Chicago-Kent College of Law


Professor Warner is the faculty director of Chicago-Kent's Center for Law and Computers. He was named a Norman and Edna Freehling Scholar in 2002. From 1994 to 1996, he was president of InterActive Computer Tutorials, a software company, and from 1998 to 2000, he was director of Building Businesses on the Web, an Illinois Institute of Technology executive education program concerning e-commerce.

He is the director of the School of American Law, a Chicago-Kent–affiliated international program with branches in several European countries. He is a visiting foreign professor at University of Gdańsk, Poland, in the Intellectual Property Institute. He is of counsel at the SWC law firm in Warsaw, Poland.

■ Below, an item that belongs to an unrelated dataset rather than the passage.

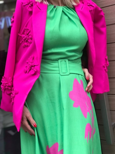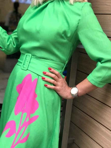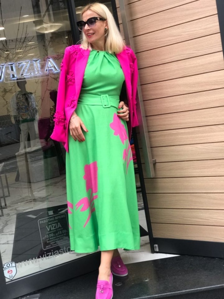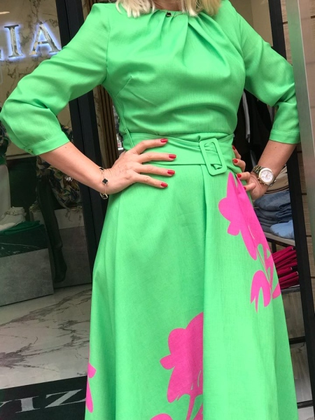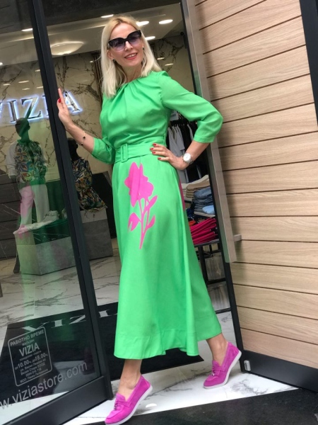Дълга рокля в зелен цвят от материя наподобяваща на лен. Моделът е с шев на талията и се закопчава с цип. Към нея има и текстилен колан.
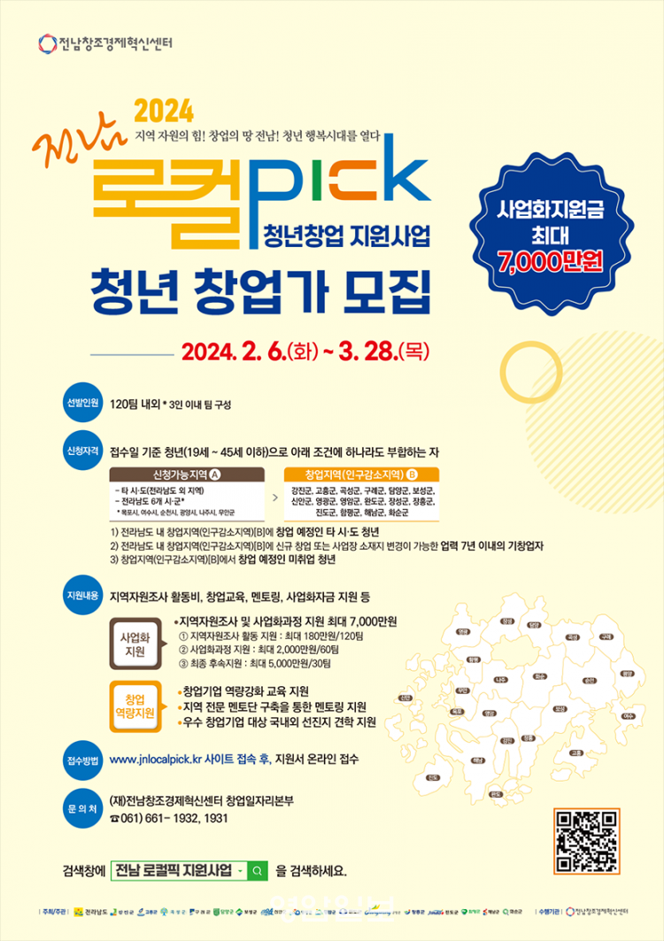 Âü¿©¸¦ ¹Ù¶ó´Â û³âÀº ¡®Àü³² ·ÎÄÃÇÈ Ã»³ââ¾÷ Áö¿ø»ç¾÷¡¯ ´©¸®Áý(www.jnlocalpick.kr)¿¡ »ç¾÷°èȹ¼¸¦ ÀÛ¼ºÇØ ½ÅûÇÏ¸é µÈ´Ù. ÀÚ¼¼ÇÑ »çÇ×Àº ´©¸®Áý °ø°í¹®À» ÅëÇØ È®ÀÎÇÒ ¼ö ÀÖ´Ù.

Professor Warner's research concerns the regulation of online privacy, security, and competition. He has lectured on Internet security at the second United Nations Economic Commission for Europe workshop "E-Regulations: E-Security and Knowledge Economy" in Geneva, Switzerland, and, at the invitation of the FBI, on global cybercrime before the Chicago Crime Commission. He was the principal investigator for "Using Education to Combat White Collar Crime," a U.S. State Department grant devoted to combating money laundering in Ukraine from 2000 to 2006. He is currently a member of the U.S. Secret Service's Electronic and Financial Crimes Taskforce, and he is a privacy ambassador for the CAPrice Consortium.

Professor Warner earned his J.D. from the University of Southern California, where he served on the Southern California Law Review and was elected to the Order of the Coif. He received his Ph.D. in philosophy from the University of California, Berkeley, and he received his B.A. (with distinction and Phi Beta Kappa) in English from Stanford University.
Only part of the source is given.